In questo contesto, non è insolito che i coloni israeliani attacchino i sistemi idrici palestinesi, come accaduto a più riprese presso il villaggio di Um al-Khair, dove le tubature sono state danneggiate ripetutamente nelle ultime settimane. È comune anche che i coloni sparino alle cisterne di acqua.

In generale, l’area più colpita dalle Forze di Occupazione è una fascia di terra di pochi chilometri, dove sono presenti quattro villaggi: Um Dhorit, Shaeb al Botom, Um Fagarah e Khallet at Daeba. Questi centri abitati palestinesi sono molto vicini alla colonia israeliana di Abigail e ad un nuovo insediamento in costruzione. In particolare, la situazione di Um Dhorit, chiuso tra una bypass road (ad uso esclusivo dei veicoli israeliani), la colonia di Abigail e due nuovi insediamenti, è estremamente critica. Qui, dove ormai vive una sola famiglia palestinese, per cui la costante presenza internazionale è l’ultima garanzia di una qualche forma di sicurezza. 

Ad oggi, l’area della Masafer Yatta per le Forze di Occupazione è di fondamentale importanza.
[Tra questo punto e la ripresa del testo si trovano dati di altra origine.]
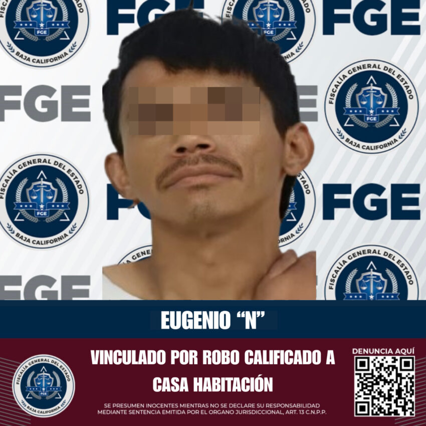 La Fiscalía Regional de Tecate obtuvo la vinculación a proceso de Eugenio “N”, acusado del delito de robo calificado a casa habitación, ocurrido el pasado 25 de abril de 2025.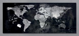 Magnettafel - Farbe: Design Weltkarte, Breite: 130 cm, Höhe: 55 cm, Tiefe: 1,5 cm, Zubehör: 4 Wandbefestigungen, 4 Dübel, 4 Schrauben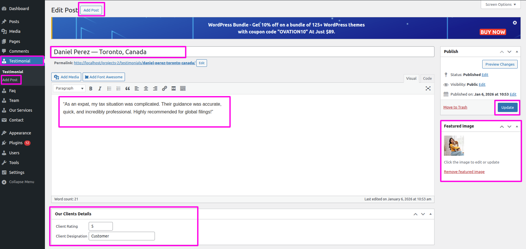 To ensure that Configuring the following section Navigate to Dashboard >> Testimonial >>Click On Add new
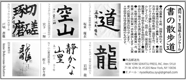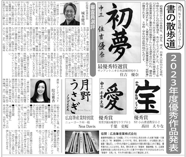 当社が協賛しているNYの「週刊NY生活」の紙上書道コンテスト。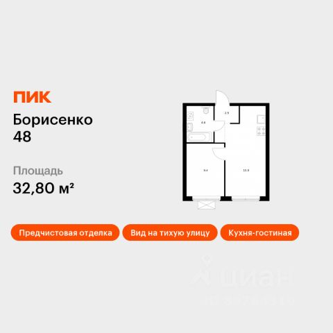 Продаётся 1-комн. квартира площадью 32,7 кв.м на 3 этаже 28 этажного дома (Корпус 2, Секция 2) проекта ПИК Борисенко 48. Светлый просторный подъезд на уровне земли, функциональная планировка, большие окна, предчистовая отделка. "Борисенко 48" - небольшой квартал в Первомайском районе, в 15 минутах пути на автомобиле от центра Владивостока. С верхних этажей откроется живописный вид на город и сопки. В проекте всего четыре дома и подземный паркинг, в который можно будет спуститься на лифте. Высота домов от 17 до 30 этажей - благодаря переменной этажности солнце будет лучше освещать двор и квартиры. На первых этажах откроются пекарни, кафе, магазины и другие сервисы - это удобно, когда внезапно закончится хлеб или захочется побаловать себя горячим кофе. Из каждого дома будет выход в уютный двор-парк - это закрытая территория для отдыха, где растут цветы и деревья, оборудованы детские и спортивные площадки. Рядом с "Борисенко 48" появится также детский сад для 150 малышей. В пешей доступности есть всё необходимое для комфортной жизни: школы, детские сады, поликлиника и магазины. До крупных торговых центров "Калина Молл" и "Луговая", а также супермаркета "Реми" - всего 5 минут на машине. А до озера на Сафонова, которое отлично подходит для прогулок и отдыха, можно дойти пешком за 9 минут. Живописная Леопардовая набережная - в 10 минутах на автомобиле. Из квартала можно будет выехать как на улицу Борисенко, так и на улицу Сафонова. Артикул 918261 (Застройщик ООО "СЗ "Юстина")
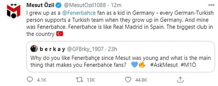 He teased fans by saying: 'I grew up as a Fenerbahce fan as a kid in Germany - every German-Turkish person supports a Turkish team when they grow up in Germany.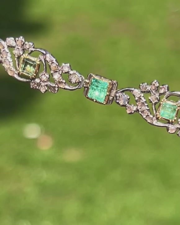 This Georgian Silver Emerald and Diamond floral bracelet is an antique treasure!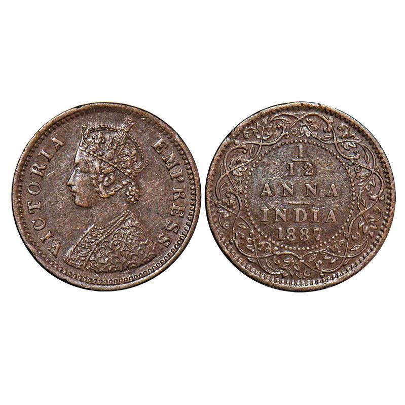 Victoria Empress, Copper, 1/12 Anna, 1887, Bombay Mint, Obv A, No mint mark. F. Prid 814. GK 904. Extremely Fine+. Very Scarce.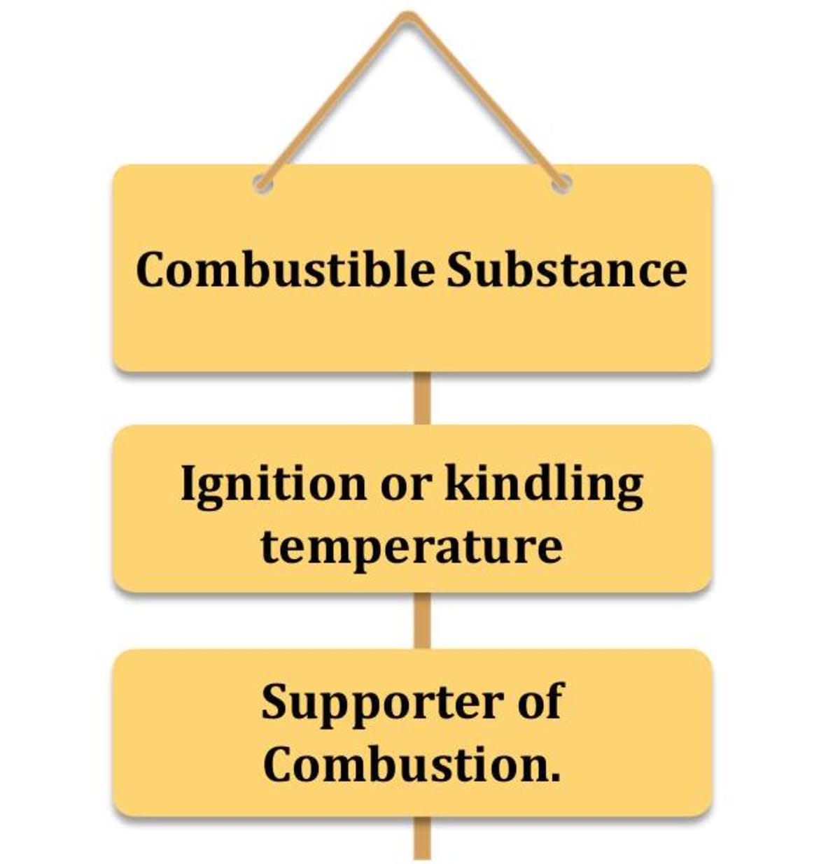 Ignition temperature: It is the minimum temperature to which a combustible substance must be heated, before it catches fire. Therefore, we see that a combustible substance cannot catch fire as long as its temperature is lower than its ignition temperature e.g. Ignition temperature of phosphorus is . So, unless phosphorus is heated to , it will not catch fire. However, if temperature of air is or more, phosphorus will catch fire without heating. Similarly, Kerosene oil and wood do not catch fire on their own at room temperature. But if both are heated a little, then kerosene oil will catch fire and not wood. This shows that ignition temperature of kerosene oil is lower than that of wood.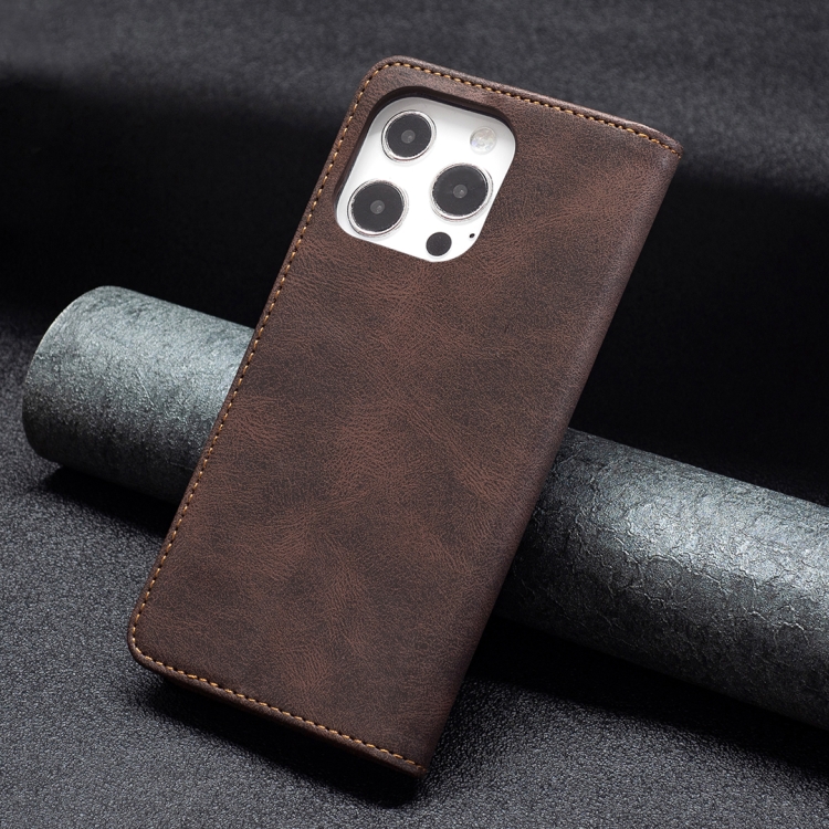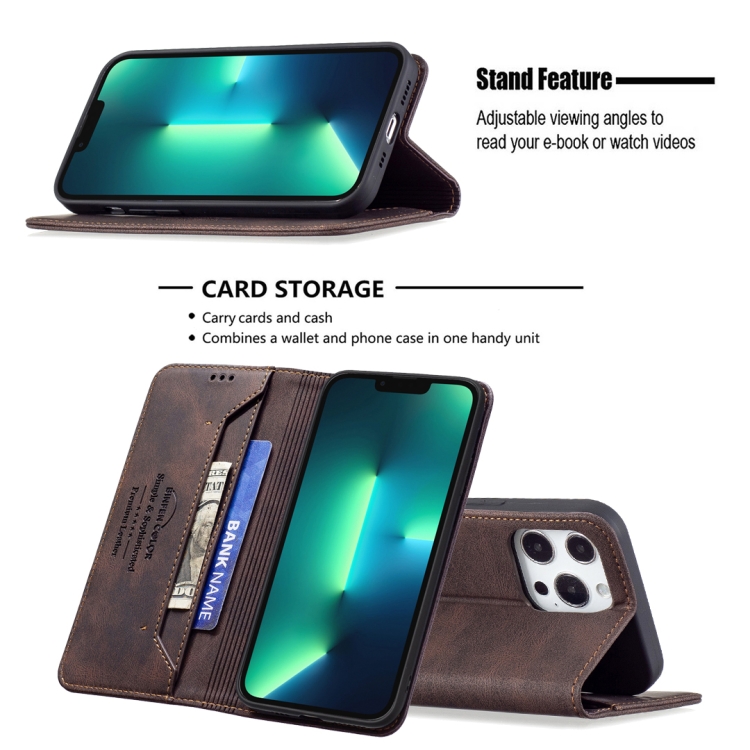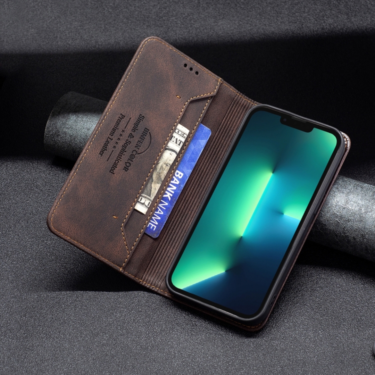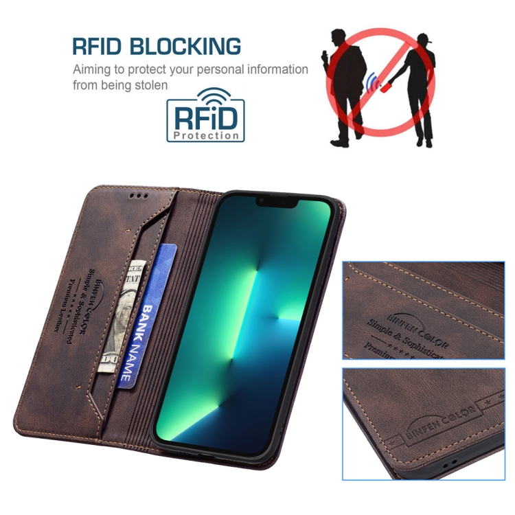 Funda de Cuero Antirrobo Bloqueo Rfid Magnético con Soporte y Billetera para iPhone 13 Pro (Brown)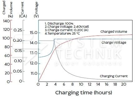 - Срок хранения без подзаряда: 6 мес. при 25°C;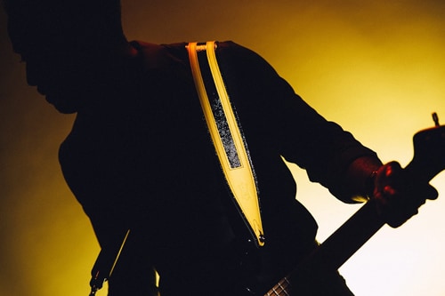 実際に手に取ると、ブラック部分がかなり光沢感のある柔らかいビニールレザーのようで惹かれる1本!イエロー部分とは素材違いで、とてもファッショナブルなストラップです。まさにアメリカのメトロポリスを感じます。気になる使用感はさすがLEVY'S。幅が約6.35cmと広めの仕様となっており、縫い目も丈夫で安定感は抜群!座奏でも立奏でも調整が効く長さも嬉しいですね。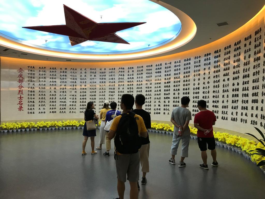 首先支部全体党员参观了安庆市革命烈士纪念馆,展馆内祭奠了安庆市先后在此集中安葬411名烈士,这些烈士分别是在第一次国内革命时期、土地革命时解、抗日战争时期、解放战争时期以及社会主义建设时期(抗美援朝战争,对越自卫反击战,抗洪抢险等)中牺牲的。参观的过程中党员同志们目睹了那一件件沐浴过昔日战火的实物,仰望那一张张浸染过岁月风云的照片,细读那一个个铭刻着英雄事迹的石文,大家仿佛走进了那不平凡的战争年代,走进了及其艰苦的战争环境。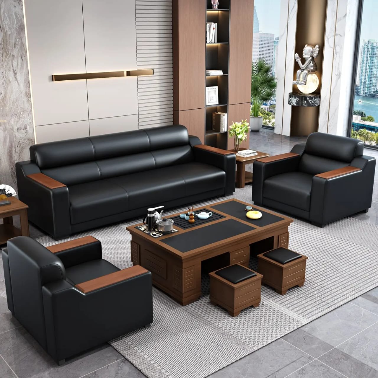 Commercial Modern Reception Office Sofa Set Synthetic Leather Customizable Design Home Office & Hotel Use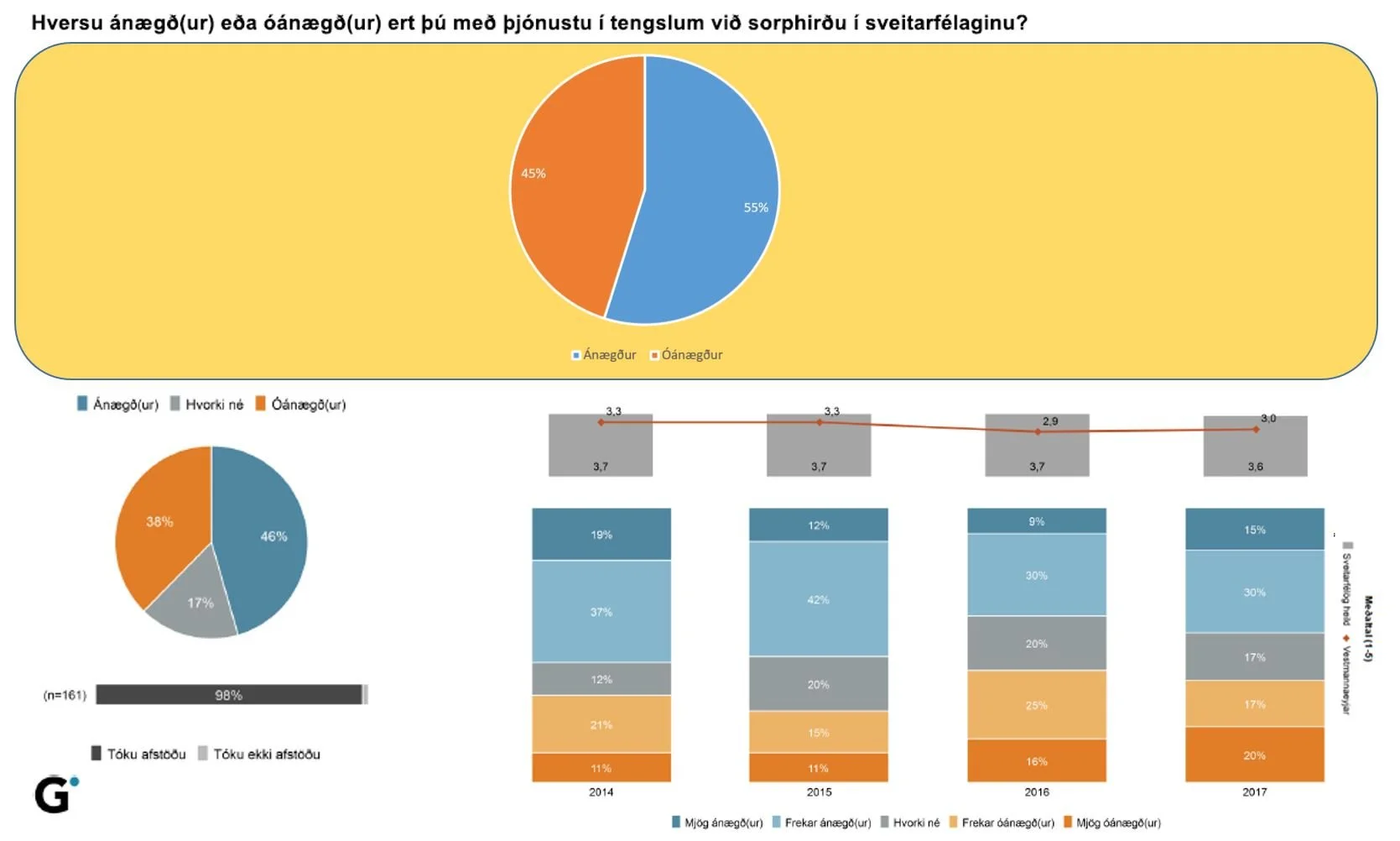 Eingöngu var spurt út í einn lið er snýr að þjónustu ráðsins og sneri hann að sorphirðu. Þegar spurt var hversu ánægðir íbúar væru með þjónustu í tengslum við sorphirðu í sveitarfélaginu kom í ljós að af þeim sem tóku afstöðu (84%) voru eingöngu 55% ánægð en 45% óánægð. Meðaleinkunn sveitarfélaga á þessari spurningu á skalanum 1 til 5 var 3,6 en einkunn Vestmannaeyjabæjar einungis 3 og því langt undir meðaltali.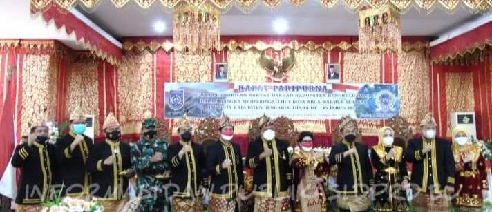 Rapat paripurna dilaksanakan secara sederhana dan tetap mentaati protokol kesehatan yang ketat, dalam Rapat Paripurna kali ini dipimpin lansung oleh ketua DPRD kabupaten Bengkulu Utara Sonti Bakara, SH yang didampingi waka I Juhaili, Sip.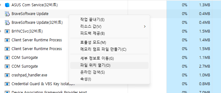 프로세스을 찾았다면, 해당 프로세스를 식별하기 위해 오른쪽 마우스 클릭한다음 파일 위치 열기를 클릭 한다음 해당 프로그램이 어떤 프로그램인지를 알 수 있습니다. 삭제를 해주거나 중지해줘야겠지요.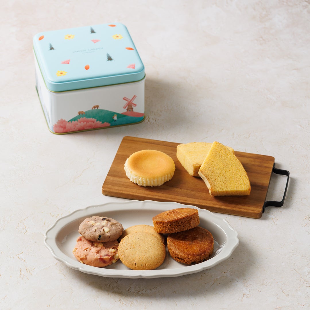 チーズガーデンの季節限定および自慢の焼菓子を少しずつ一度にお楽しみいただける、この時期だけの限定セットです。レモンの爽やかな味わいとサクサク食感が楽しめる季節限定商品「御用邸レモンチーズクッキー」や、良質なバターを使用してザクザクと食べ応えのあるよう厚めに焼き上げた「ガレットチーズ」、たっぷりの焦がしバターとハチミツを使用してふっくらと焼き上げた「フィナンシェ」、濃厚なチーズが香るしっとりとした美味しさの「チーズバウム(カット)」の全4種類のスイーツがお楽しみいただける贅沢なセットです。

Riuscire a cacciare la popolazione palestinese da questa zona rurale avrebbe un duplice risultato: da una parte, occupare un territorio limitrofo alla Green Line (il confine dello Stato di Israele propriamente detto), di fatto spostando il confine stesso, dall’altra obbligare la popolazione palestinese locale a spostarsi nelle grandi città in Zona A (in particolare Yatta e Al Khalil), che accelererebbero la loro trasformazione in veri e propri ghetti palestinesi.

Il villaggio palestinese di Um Fagarah

Come dichiarato anche dalla ministra israeliana per le colonie e i progetti nazionali Strock, questa è per l’Occupazione “un'età miracolosa”, dove i coloni agiscono praticamente impuniti e indisturbati nei Territori Occupati della Cisgiordania, dove di fatto detengono il potere grazie all’incondizionato appoggio ricevuto dall’estrema destra al Governo.

Allo stesso tempo, la sensazione è che questa “età dell’oro” per i coloni non possa durare per sempre: l’instabilità del Governo Netanyahu e un’auspicabile tregua a Gaza potrebbero portare a dei repentini cambiamenti negli scenari interni alla politica israeliana.

In questo contesto a loro favorevole, è chiaro come Israele continui la sua spinta violenta ed aggressiva per spostare e modificare a suo favore i confini fisici e psicologici nei Territori Occupati per prendere pezzo per pezzo le terre palestinesi.

Perciò è necessario continuare a supportare la resistenza nonviolenta di Youth of Sumud e della popolazione palestinese tramite azioni di interposizione nonviolenta e documentando le violazioni dei diritti umani compiutre dalle forze di Occupazione.

E in questo il ruolo di Mediterranea e delle tante altre organizzazioni internazionali è fondamentale: essere sul campo, a fianco della popolazione palestinese, e raccontare all’opinione pubblica e alle istituzioni italiane ed europee quali siano le conseguenze del loro silenzio complice sulle politiche genocide dello Stato d’Israele.